Sur un autre registre, le fonctionnaire du fisc de soutenir que «du point de vue même de la forme de la déclaration, je ne comprends pas. Parce que je pense qu’aujourd’hui, pour annoncer ce genre de mesure, il faudrait une large concertation avec les différents acteurs pour arriver à une sorte de trêve sociale pour expliquer aux uns et aux autres les raisons pour lesquelles l’Etat entend ne plus augmenter les salaires dans la Fonction publique». Aussi, dit-il, «encore que je trouve que l’Etat à tous les leviers pour pouvoir diminuer ses dépenses et ça, eux ils le savent. On ne peut pas d’un côté augmenter le budget de la présidence de la République et d’un autre côté décider de geler les salaires de la Fonction publique, ça n’a aucun sens».
En effet, le patron du Saaid estime qu’une politique économique doit avoir une certaine cohérence qui commence d’abord par la transparence. «Il faut être transparent et que les efforts soient faits à tous les niveaux.

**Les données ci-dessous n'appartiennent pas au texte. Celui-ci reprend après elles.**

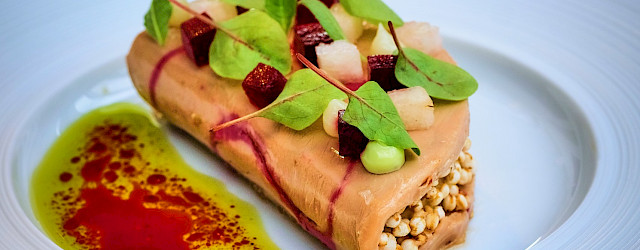 middenin. Vouw de ganzenleverplak dubbel en vul de randen met gepofte quinoa. Plaats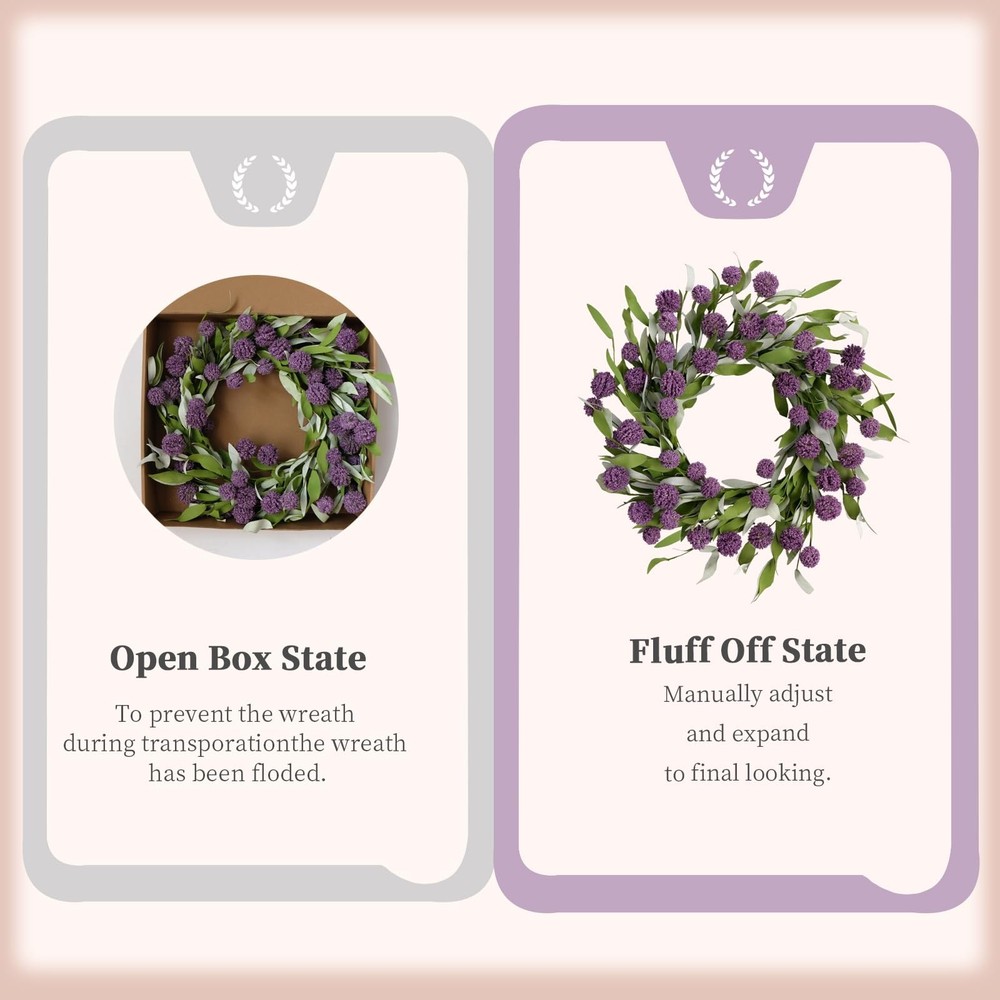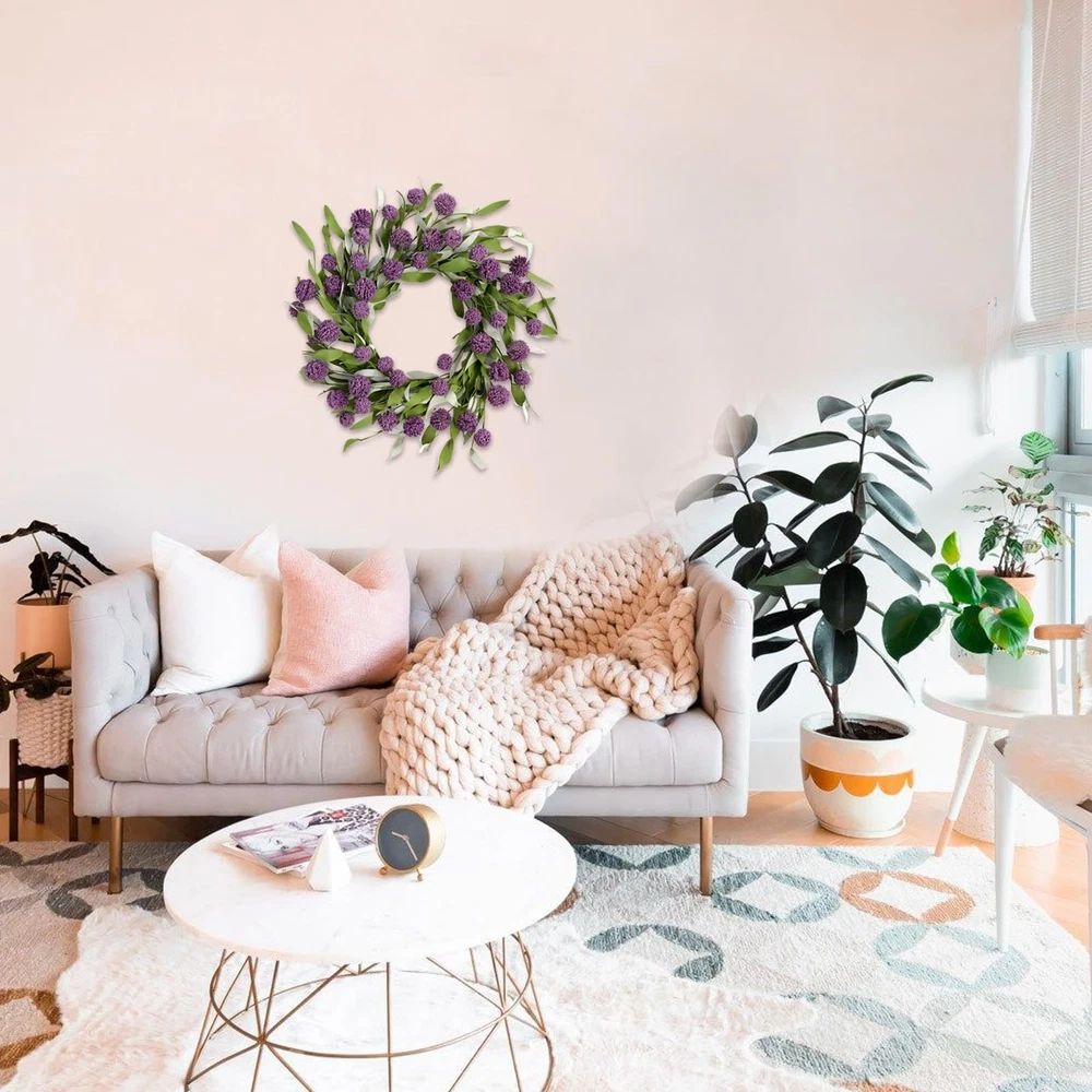 18-inch ball flower wreath, an excellent outdoor decoration designed for spring and summer, will fill your surroundings with vitality. It is suitable for use on front doors, walls, outdoors, indoors, windows, fireplaces, living rooms, porches, party center decorations, and weddings. The fresh and simple farmhouse style makes it suitable for most occasions. It is also perfect for all holidays such as Mother's Day, Easter, Valentine's Day, etc. 【Spring and Summer Front Door Wreath】: Skillfully combining vibrant ball flowers with slender willow leaves, this wreath is designed specifically for spring and summer outdoor decoration, bringing vitality to your surroundings. The full-bodied shape of the flowers adds depth to the wreath, enhancing its visual appeal. 【Size Information】: Our spring and summer wreaths have an outer diameter of approximately 18 inches. They are entirely handmade, featuring flexible and durable plastic materials for the leaves and flowers, which feel realistic and soft to the touch. The base is made of an iron ring, ensuring years of use without deformation. 【Multi-purpose Decoration】: Suitable for use on front doors, walls, outdoors, indoors, windows, fireplaces, living rooms, porches, party center decorations, and weddings. The fresh and simple farmhouse style makes it suitable for most occasions. It is also perfect for Mother's Day, Easter, Valentine's Day, and all other holidays. 【Slightly Fluffy】: The wreath may be slightly compressed during transportation, please reshape it before hanging. All branches are soft and flexible, allowing you to easily adjust the shape of the wreath to make it full and round. 【Maintenance-free】: It requires no watering or maintenance to stay bright, colorfast, and durable. Every detail of the exquisite wreath is carefully handmade, and the flowers and leaves will not easily fall off. It is not only a beautiful summer door wreath but also of high quality.

Il ne faut pas donner l’impression aux Sénégalais que les tenants du pouvoir vont diminuer la rémunération des uns et laisser la classe politique hors de la diminution des charges publiques», martèle t-il en précisant, par rapport à la masse salaire, que «de ce point de vue également, on se trompe. Les salaires qu’on paye on ne les paye pas juste pour faire plaisir aux salariés. On les paye parce qu’ils ont exécuté un travail».
Pour Waly Diouf Bodian, «aujourd’hui, l’Etat contourne le système classique de recrutement qui est un recrutement par voie de concours pour faire des recrutements massifs, des contrats qui sont là et qui crèvent de façon très importante le budget de l’Etat. Les contractuels de l’Etat, c’est 115 milliards par an», affirme-t-il, en notant que les reste, c’est les autres. Dès lors, est-il d’avis qu’avec l’étude annoncée par le ministre de l’Economie et de Finances sur les salaires, il vaut mieux réfléchir sur les salariés. «Car, moi, le problème ce n’est pas les salaires, mais les salariés. Aujourd’hui, ce qu’il faut geler d’abord, ce n’est pas les salaires, mais les recrutements. Il faut réfléchir en profondeur sur les recrutements dans la Fonction publique, pour qu’on sache qui on prend et pourquoi on le prend».
SEYDI ABABACAR NDIAYE, SECRETAIRE GENERAL DU SAES :- «SI LES SYNDICATS JUGENT QU’ILS DOIVENT LUTTER POUR UNE AUGMENTATION DE SALAIRES, ILS LE FERONT»
Le secrétaire général du Syndicat autonome des enseignants du supérieur (Saes), Seydi Ababacar Ndiaye, pense que le ministre de l’Economie, des Finances et du Plan, qui a annoncé qu’il n’y aura pas de hausse de salaires dans la Fonction public en 2015, va trop vite en besogne. «Je suis étonné que le ministre réponde à des questions non encore posées», déclare M. Ndiaye pour qui, «le ministre doit comprendre que les syndicats ne sont pas des excroissances du gouvernement et que si les syndicats jugent qu’ils doivent lutter pour une question, en particulier pour une augmentation de salaires, ils le feront. En ce moment-là, c’est le rapport de forces qui règne».
Poursuivant son analyse, Seydi Ababacar Ndiaye d’ajouter : «On comprend le ministre quand il dit cela, parce que quand ils sont incapables de payer à temps les salaires des fonctionnaires, on comprend très bien qu’un ministre puisse dire effectivement qu’il n'y aura pas d’augmentation de salaires en 2015 pour la Fonction publique».
Sauf que, pour le responsable du Saes, cette déclaration reste «une déclaration qui est, de (son)point de vue, ridicule. Parce que encore une fois, cette question à laquelle répond le ministre, n’a pas été posée». Pour dire que le moment venu, si les syndicats le jugent nécessaire, ils poseront cette revendication et agiront en conséquence.